Most “AI assistant” systems are still:

  • prompt-response driven
  • session-fragile
  • weak at long-horizon planning
  • weak at memory
  • weak at self-evaluation
  • weak at improvement over time

A proto-AGI stack needs more than model calls. It needs a system.


Full Stack

1. Perception Layer

Handles incoming input and converts it into usable state.

Includes:

  • text understanding
  • code understanding
  • structured data parsing
  • file inspection
  • future multimodal inputs

This layer should remain modular. The long-run stack may use vision, audio, robotics, simulation telemetry, or other inputs, but the architecture should not require them just to function.


2. World Model

Maintains structured understanding of:

  • projects
  • tools
  • environment state
  • active branches
  • known facts
  • causal relationships

This is where the system stops being a chatbot and starts maintaining an internal representation of reality.


3. ARC Memory + Receipts

Operational memory system with provenance.

Memory classes

  • Episodic — what happened
  • Semantic — what is true
  • Procedural — how to do things
  • Strategic — what tends to work

Receipt role

Every action should emit:

  • cause
  • tool used
  • inputs
  • outputs
  • success/failure
  • branch/session lineage
  • confidence / trust

4. Goal Engine

Creates and tracks active goals.

A real proto-AGI system needs:

  • goal creation
  • priority scoring
  • decomposition into subgoals
  • completion criteria
  • conflict resolution

5. Planner

Turns goals into executable graphs.

Planner responsibilities:

  • decompose goals
  • estimate step cost
  • estimate success likelihood
  • choose tool path
  • branch when useful
  • revise plans after failure

6. Action / Tool Layer

The system must act, not just answer.

Examples:

  • shell commands
  • scripts
  • file operations
  • build pipelines
  • package/export flows
  • API calls
  • wrapped external tools

7. Evaluation Layer

After every action, the system should ask:

  • did this help the goal?
  • what actually happened?
  • what failed?
  • what should be remembered?

Without this, the system does not improve.


8. Learning Layer

The stack should update itself over time by:

  • promoting repeated successful procedures
  • adjusting planner/tool weights
  • reducing repeated mistakes
  • improving future goal execution

This is not “magic self-rewrite.”
It is structured improvement through memory and evaluation.


9. Persistent Agent Loop

The defining runtime layer.

while alive:
  observe()
  update_world_model()
  select_goal()
  plan_steps()
  execute_next_action()
  evaluate_result()
  write_receipt()
  update_memory()
  repeat()

This is the transition from:

  • assistant to:
  • operating intelligence

Suggested System Composition

A practical stack can be assembled from components like:

  • Local assistant/controller → interface + routing + tool shell
  • ARC-style core → memory + receipts + world-state substrate
  • Planner module → structured goal decomposition
  • Persistent loop daemon → continuity across time
  • Tool execution layer → shell / API / file / workflow control
  • Deterministic runtime / turbo execution layer → optional performance substrate
  • Simulation/world-model sandbox → optional policy testing + controlled learning

Where deterministic runtimes and Turbo OS fit

Deterministic execution, branch-aware runtimes, and resolved-output jumping can strengthen the stack by making it:

  • more reproducible
  • more inspectable
  • more efficient
  • better at branch comparisons
  • better at session continuity

These systems are substrates, not the intelligence itself.


Where simulation fits

Simulation should be treated as:

  • a world-model module
  • a policy sandbox
  • a branch testing environment
  • an environment for controlled learning

It should not be mistaken for AGI by itself.


What the Synth is for

The Synth direction is the long-run attempt to give the stack a real execution substrate, not just a chatbot loop.

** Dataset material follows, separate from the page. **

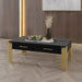 Introducing the Empire Coffee Table, a stylish and functional centerpiece for your living space. Crafted with durable eco-friendly materials and a sleek black finish, this table ensures long-lasting durability while adding a touch of contemporary elegance to your room. Its modern metro style, featuring gleaming gold tiered legs, evokes the enchanting allure of a city skyline under the stars. Enjoy convenient storage with two drawers, perfect for keeping remotes and other living room essentials organized and within reach. Elevate your living area with the Empire Coffee Table, where style meets practicality.

In the ecosystem, Synth is the autonomous synthesizer/program layer that can:

  • interpret directives
  • build or print structured outputs
  • operate inside a persistent synthetic environment
  • route work through a geometry- and state-aware grid runtime
  • eventually act as the execution engine for the wider ARC / Proto-AGI doctrine

At the smallest scale, Synth can be thought of as a bounded autonomous program/entity that accepts directives and executes them within a controlled system. At the largest scale, it becomes the direction referred to as the:

Virtual Simulated Physics Capacity-Weighted Engine + Wetware Communications Grid

That longer-term Synth goal is not just “an AI character” or “a game engine.” It is a proposed runtime where:

  • simulated space is executable space
  • geometry becomes routing and structure
  • persistent entities can act within a deterministic rule system
  • ARC memory/receipts can be grounded in a world-like runtime
  • future autonomous systems can be tested in something closer to a lawful environment than a plain chat session

In short:

Proto-AGI defines the operating intelligence loop. Synth defines the long-run world/runtime that the loop can inhabit, execute through, and eventually be stress-tested inside.


Current Implementation Path

This repository is the architecture/specification layer for the wider direction. It is not the single finished implementation repo.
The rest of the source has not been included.